Я не смеялся. Я лишь усмехнулся, вспомнив «Трех мушкетеров». Потому что там тоже была своя миледи. Леди Винтер, и – не слишком положительная героиня.

– Учитывая твое происхождение, – гневно сказала Алиса, – и учитывая обстоятельства, при которых произошло твое посвящение, я тебя прощаю, в конце концов, что требовать с простолюдина? – она нетерпеливо притопнула носком тапка. – Ну, рассказывай!..

– С самого начала? – спросил я.

– С самого начала, разумеется, и – во всех подробностях!..

Делать было нечего – я рассказал ей обо всем именно сначала. Как я две недели назад возвращался довольно поздно домой с одной вечеринки, какая это была скучная вечеринка, и какое у меня было отвратительное настроение, и как я услышал стон в темном углу двора, и как, преодолев нерешительность, подошел и обнаружил там Геррика, и как ужасно он выглядел, когда я его там увидел, и как я, опять-таки преодолев нерешительность, привел его к себе на квартиру, и как он бредил всю ночь (теперь я догадывался, что он так звал Алису), и как он поправился наконец, и какие удивительные события последовали за всем этим.

Я не пытался ничего приукрашивать, не преувеличивал трудностей и не строил из себя героя. Мне почему-то стыдно было так поступать. Мне казалось, что Алиса взвешивает каждое мое слово. Слушала она не перебивая, а когда я закончил, задала всего два вопроса:

– Там, во дворе, ты точно видел черную лужу?

– Точно, – сказал я. – И мне кажется, что это была не вода. Темная такая, как – чернила…

– Ну, это был басох, – заметила Алиса будто сама себе. – Интересно, как басох оказался здесь, прежде чем пришел зов от Геррика? – лоб ее прорезала вертикальная складка. – Странно и необъяснимо…

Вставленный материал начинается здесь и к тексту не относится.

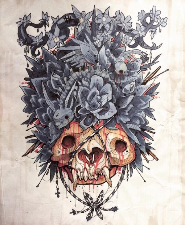一组创意的school彩色妖魔鬼怪纹身手稿图片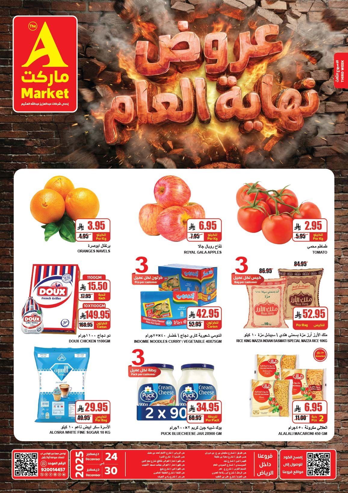 عروض ايه ماركت الرياض الأربعاء 24 ديسمبر 2025 تحتوي علي الفجل الأبيض والبصل الأخضر والبطاطا والشمام والعنب الأحمر وبذور الكتان وزيت السمسم ودبس التمر ثم تمتد إلى الأجهزة مثل قدر ضغط يدوي ومفرمة أعشاب ميكانيكية وسخان أطعمة منزلي و خلاط للعصائر و غيرها من المنتجات باقل الاسعار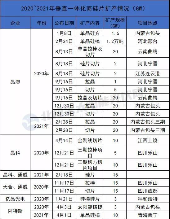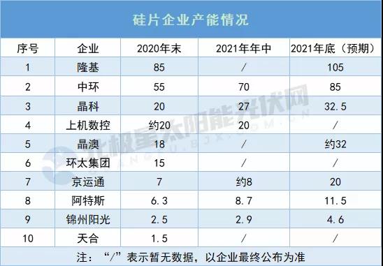 而2021年截至目前,隆基暫未公開硅片相關(guān)擴(kuò)產(chǎn)計劃,2020年其在云南新擴(kuò)70GW單晶產(chǎn)能。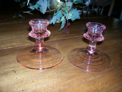 Title (ebay affiliate link): Pair of Vintage Pink Depression Glass Candle Holders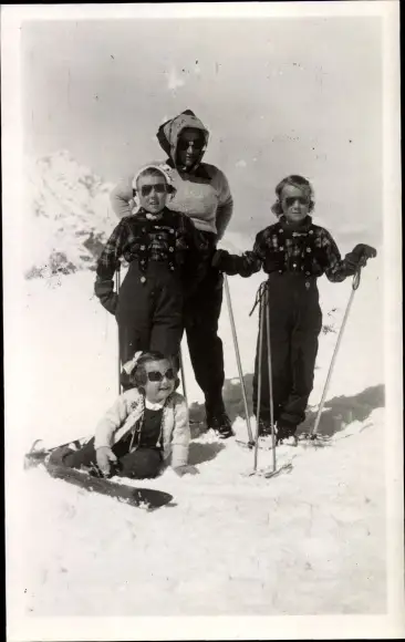 Ak Prinzessin Juliana mit Ihren Töchtern beim Skilaufen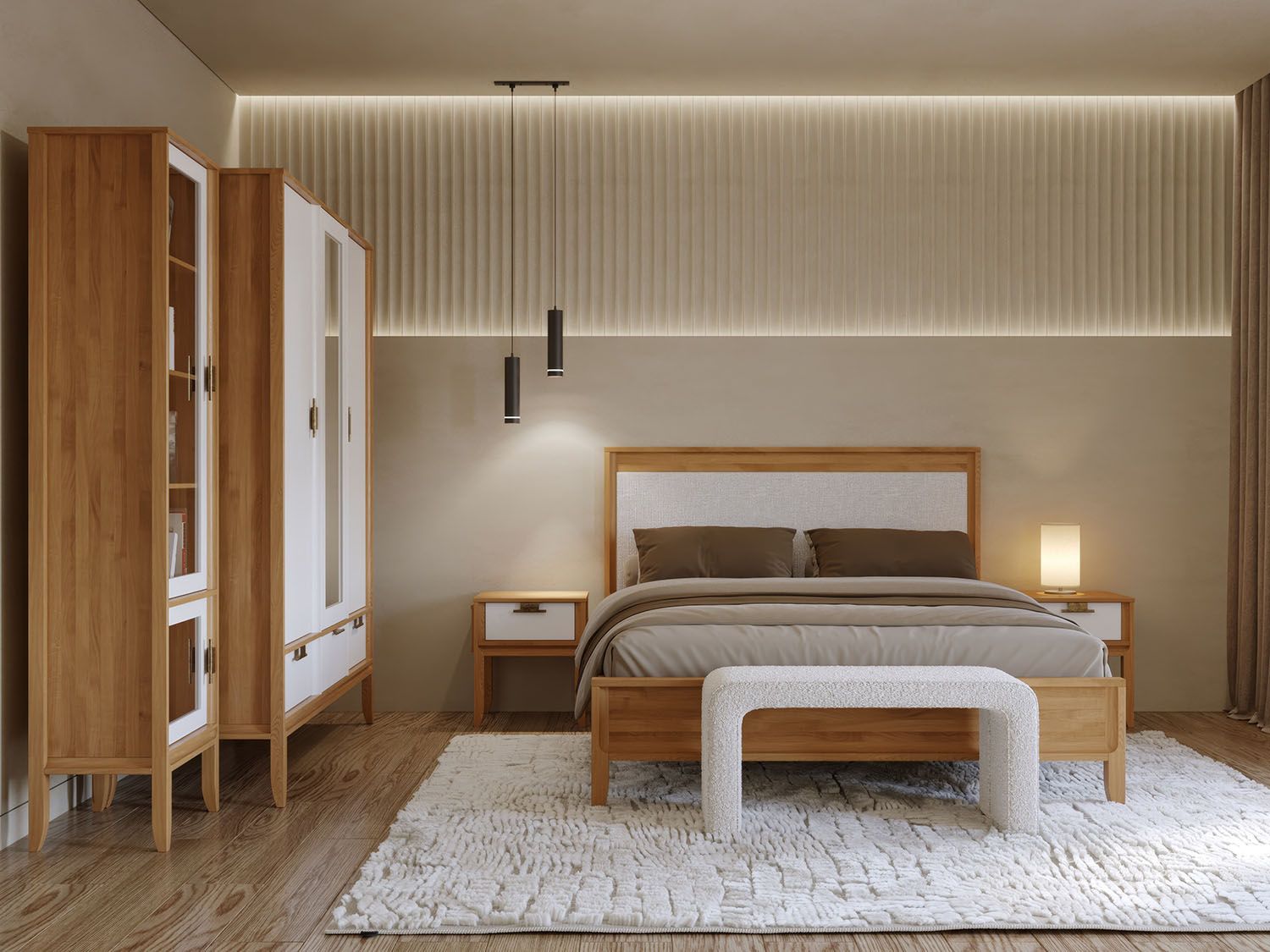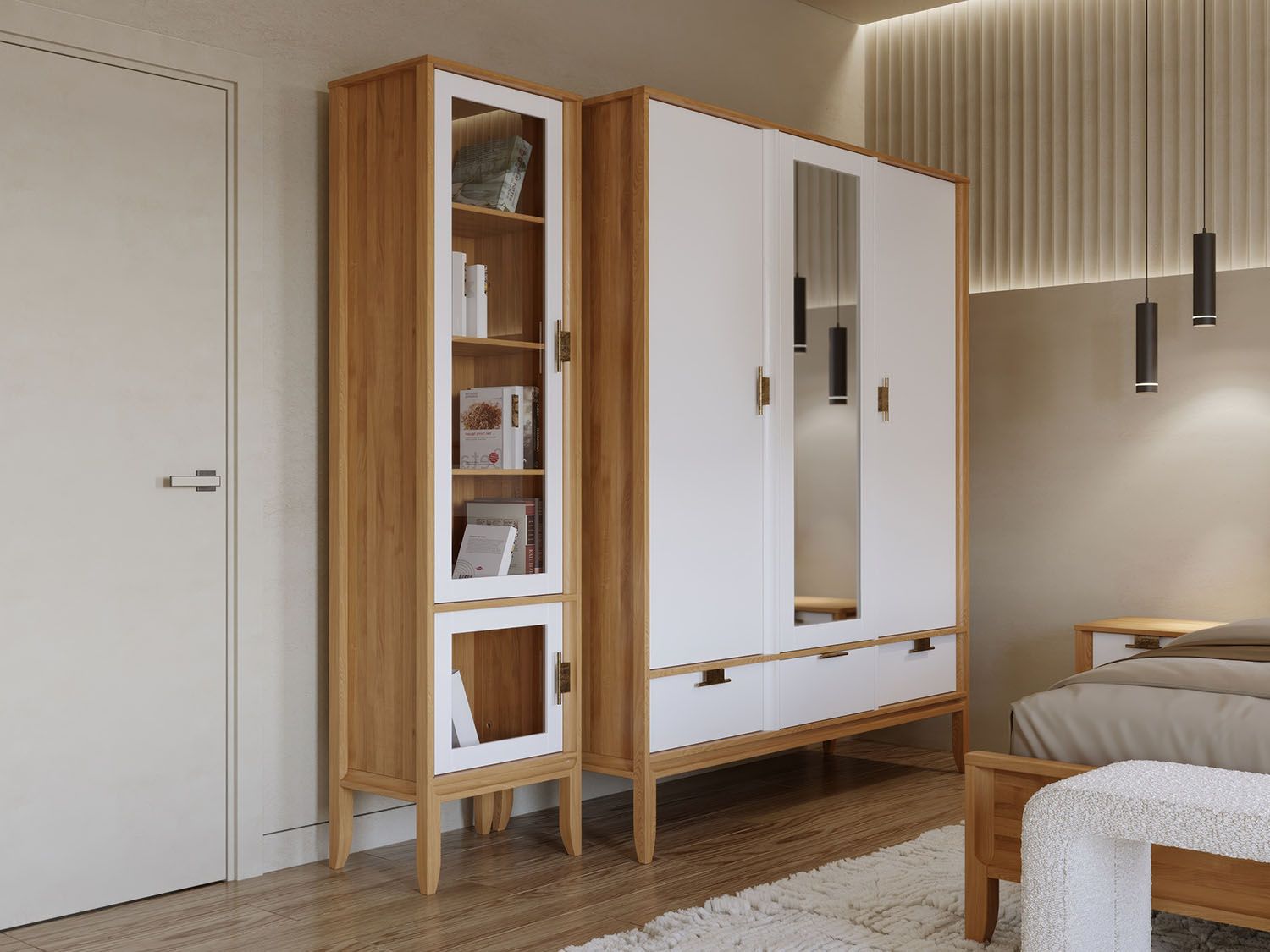 Комбинируйте с кроватью Бридж, комодом и прикроватными тумбами из коллекции для создания спального ансамбля в стиле минимализм. Центральное зеркало превращает шкаф в примерочную зону — разместите банкетку на расстоянии 100 см для примерки обуви сидя с обзором в полный рост. Дополните пространство напольной вешалкой справа для комплектов одежды при составлении образов.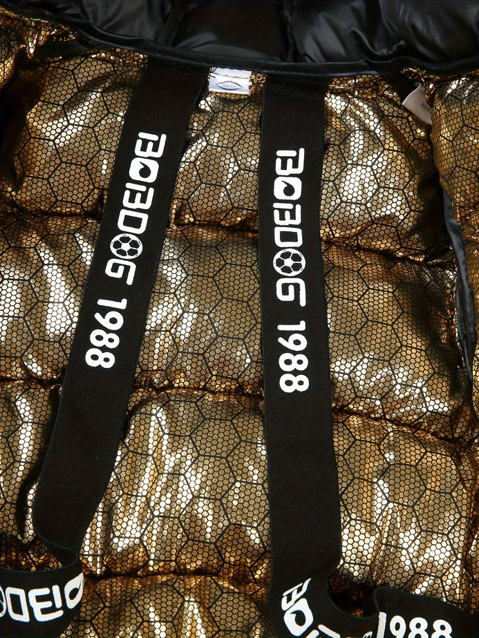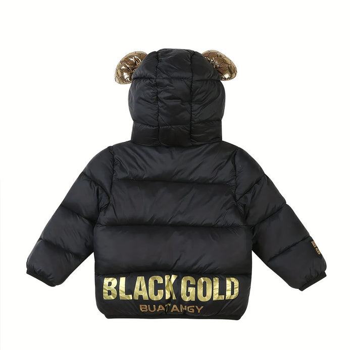 CN Black Gold Style Warm Black Puffer Jacket 13415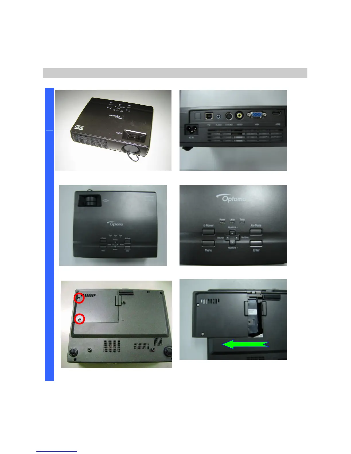 Loose these two screws. Remove and take out the lamp cover.
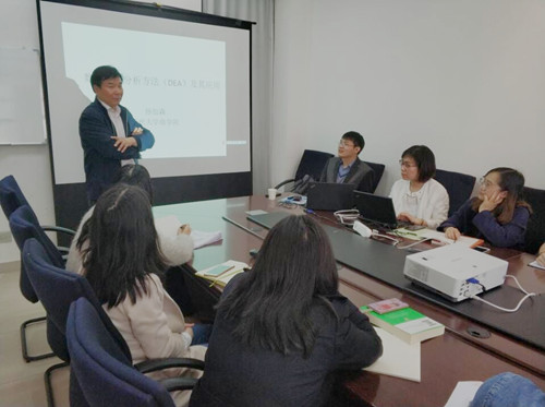 孙加森教授以“数据包络分析方法(DEA)及其应用”为主题为大家做报告。他分别从DEA目前的国内外研究现状、简述、DEA具体模型以及如何应用DEA四个方面进行讲解,这对老师们的写作水平提升具有重要意义。同时孙教授也和大家分享了从事科研活动的思路,以及撰写高质量论文的心得和体会。活动座无虚席,气氛专注而热烈,听讲之余大家还针对所涉及的学术问题进行了提问,并收到了有效的解答。本活动不仅开拓了老师们在DEA及其应用领域的视野,使他们感受到前沿信息,同时对老师们研究的自主性和独特性的提高起到了良好的效果。(国际商学院 王东生)

И второй вопрос, который она мне задала:

– Значит, поначалу ты не хотел вести Геррика к себе домой, но все же привел. Почему?

– Ну… ему было плохо, – нерешительно объяснил я. – Он был такой слабый и, может быть, даже умирал. А вызвать скорую помощь не захотел. Что же мне было делать – не оставлять же его так на улице…

Я замолчал, потому что Алиса прерывисто и быстро вздохнула. Она вздохнула, а потом подняла руки, сжатые в кулачки и слегка ударила их друг о друга.

– Все правильно, – заключила она. – Все правильно. Ты спас ему жизнь. А я надеялась…

На что она надеялась, она объяснять мне не стала, снова прерывисто вздохнула – раз, другой, третий… Вскочила на ноги, словно хотела выбежать из комнаты, широко открыла глаза – яркая синева их хлынула на меня как волна, – опустилась рядом со мной на тахту, почти неслышно произнесла:

– Ты спас всех нас, воин…

И вдруг подняла лицо – с чуть разомкнутыми нежно-упругими губами, ждущими поцелуя…

Потом Алиса заснула минут на пятнадцать. Я смотрел, как она безмятежно дышит: спокойно, точно ребенок. Волосы ее цвета осени разметались по всей подушке. В углах тонких век скопились серые тени усталости. Я готов был драться со всем миром, только чтобы не потревожили ее сон. Ничего подобного со мной еще никогда не было.

Но когда она проснулась и рывком открыла глаза, я увидел, что солнечная синева из них опять испарилась и остался твердый, голубоватый, металлический блеск, как у Геррика, такой же безжалостный и пустынный, только, пожалуй, еще более непримиримый, чем раньше.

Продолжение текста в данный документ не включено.